包安平不方便说实话,只得应付着说道,“实话跟你们说,我是外地的,要赶往营州办事,在前边不远的山林里遇到了山贼,在我们交手的时候,那几个山贼太缺得了,还没有等我们说几句话呢,突然朝我扔过来一个纸包,我用手一挡,那知道全都是石灰沫子,便把我的眼睛迷住了。”
说到这里,包安平停顿了一下,感觉一下,这么说女子相不相信,见对方没有说别的,听的到很认真,便又说道:
“我看不好也看不清楚什么地方,闭着眼睛便往山里逃来,我在山林里转悠了好几天了,因为肚子太饿了,想寻些吃的,没有料到,却一下子掉到了你们设的陷井里,那猎坑挖的也太深了。”
女子一听,站在那里笑着,说:
“没有办法,你是不知道,有很多凶猛的野兽在山林,为了抓一些活的野熊,我们要是挖的浅了,它们便跳了出来,你算是有福气的了,浅坑里一般情况下,我们都设夹子,签子之类的东西,放入坑下方,要是挖深坑的话,基本上就不需要这些东西了。”
女子说完,走到旁边倒了一碗水端给包安平,这才说道:
“有很多主道都喜欢要新鲜的熊胆,我们抓活的黑熊回来,先将他们困在笼子里养着,如有需要,随时将胆取出来。”
女子说到这里,站在那里看包安平的样子,忍不住又笑起来,再次说道:
“要说你也算是有福气的了,当时在我们挖这个坑子的时候,因为那些夹子,签子都用了,大家开玩笑说,挖深点,抓几只活的回来养,没有想到确让你掉进来。”

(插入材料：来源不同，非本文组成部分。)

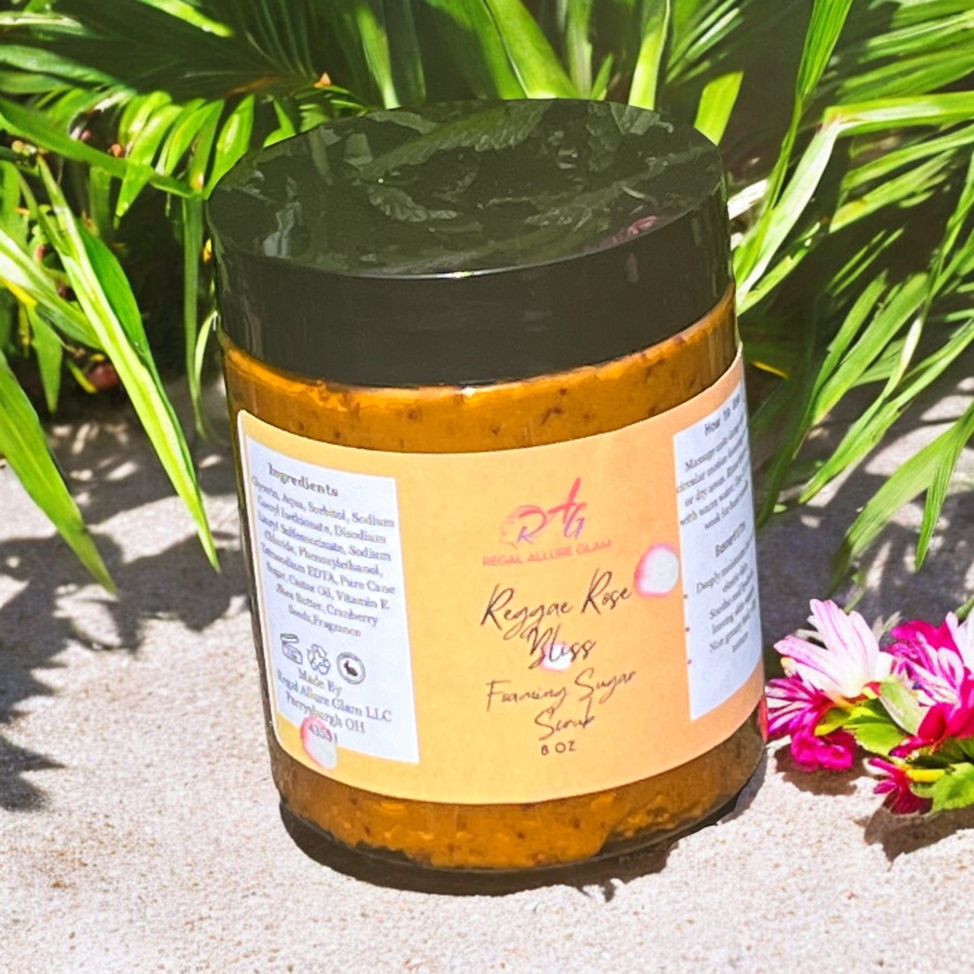 Indulge your senses and rejuvenate your skin with our Reggae Rose Bliss Foaming Sugar Scrub. This luxurious scrub combines the essence of a tropical rose garden with the gentle exfoliation of pure cane sugar and cranberry seeds, leaving your skin silky smooth and glowing. Rich shea butter, castor oil, and vitamin E provide deep hydration and nourishment, ensuring your skin stays soft and supple. The gentle foaming action enhances the cleansing experience, washing away impurities while pampering your skin with the invigorating scent of passionfruit and roses.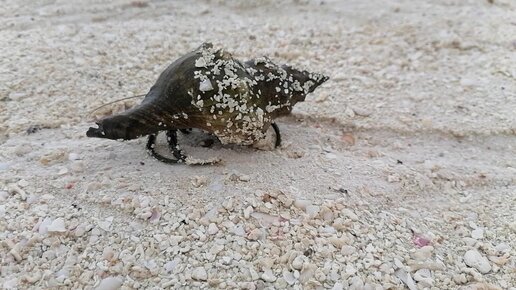 Большой рак-отшельник ползет к Индийскому океану и замирает. Занзибар.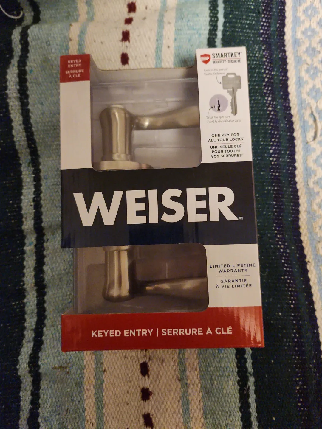 Weiser keyed entry door lever lock. It features SmartKey Security for easy re-keying. This lock comes with a limited lifetime warranty. It's designed for keyed entry and can be used with one key for all your locks.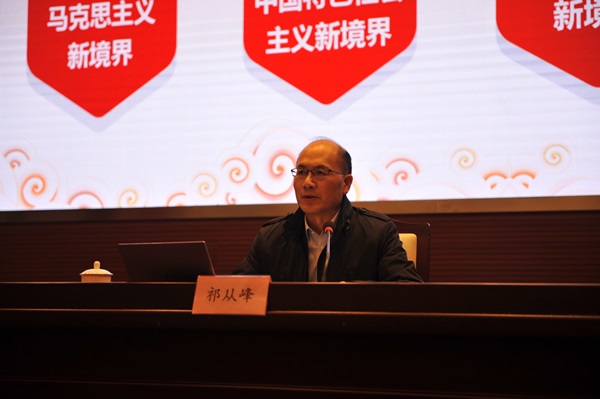在報告中,祁書記緊扣黨的十九大報告原文,綜合運用文字、圖片、視頻等新媒體形式,重點圍繞黨的十九大的主題和主要成果、習近平新時代中國特色社會主義思想、過去五年的歷史性成就和歷史性變革、中國特色社會主義進入新時代和黨的歷史使命、我國社會主要矛盾的變化、兩個一百年奮斗目標的戰略部署、我國經濟社會發展重大戰略部署、堅定不移推進全面從嚴治黨等八個方面,全面系統闡釋了十九大的精神實質和豐富內涵。

包安平一听头上冒着冷汗,他心里很清楚,这女子跟自己说的完全是真话。
自己掉在这陷井,多亏了他们没有放夹子及签子之类的东西,不然的话,不说要了自己的命。
不过,真要是遇到下方带着签子,夹子之类的陷井一般情况下,坑都不是特大,自己足可以凭借着单手的力道,搭在陷井边拖住自己身体的。
这么想着,还是让自己头上出了点冷汗,躺在那里轻声的对,好心的女子说道:
“不过,我这个大活物却给你们添麻烦了,等伤养好之后,我一定要好好的谢谢你们。”
平日里包安平还是特别喜欢开玩笑的,只是面前的人他不知道底细,担心一高兴说漏了嘴。
现在自己的眼睛不好使,这几个人说话他听的明白,她们打猎所获取的猎物,及皮毛都和额真爷有交织。
自己还是不要节外生枝,应付了几句之后,包安平再不说话,只是躺在那里默默不语。
女子把他的脸洗出来之后,站在那里看包安平不说话,便让他躺下来好好的休息,说自己的哥哥以替他找大夫去了,不需要太长时间。
包安平躺在那里紧紧闭着眼睛,看女子准备离开,急忙喊道:
“女侠请等一下,我和你们素不识,这么远把我抬回来,这就不说啥了,还替我找大夫给我治眼睛真是太感激了,我口袋里没有多少钱,也就这点银子,你先收下,等我眼睛治好之后,定当重谢。”
“看你这是说啥话呢,”
女子连停都没有停下来,人走到门口,停下来一边关着门一边说道:
“那有见死不救的道理,你还是用心的躺着休息吧,等大夫来了之后,看他怎么说。”
包安平听着说话的声音越来越远,就知道对方肯定准备离开,躺在那里着急的说道:
“我说女侠,你们的好意我领了,只是我们萍水相逢,你们能救我以属不易了,请大夫来也需要破费的,怎么好意思你们花钱呢。”
“这个你就不需要关心了,那位大夫是我们的好朋友,他所有的草药完全是自己跑到山里自己采的,用不了几个钱的,这事你就别管了,好好休息吧。”
女子说完,一转身将门关上离开了。
包安平躺在那里越想越觉对不住人家,伸手从怀里摸出在赌场里抢来的银子。
在手中掂了掂,能有五两,摸出来之后放在枕头旁边。
他现在实在太乏了,躺在那里要不是眼睛钻心的痛,真想好好的睡上一觉。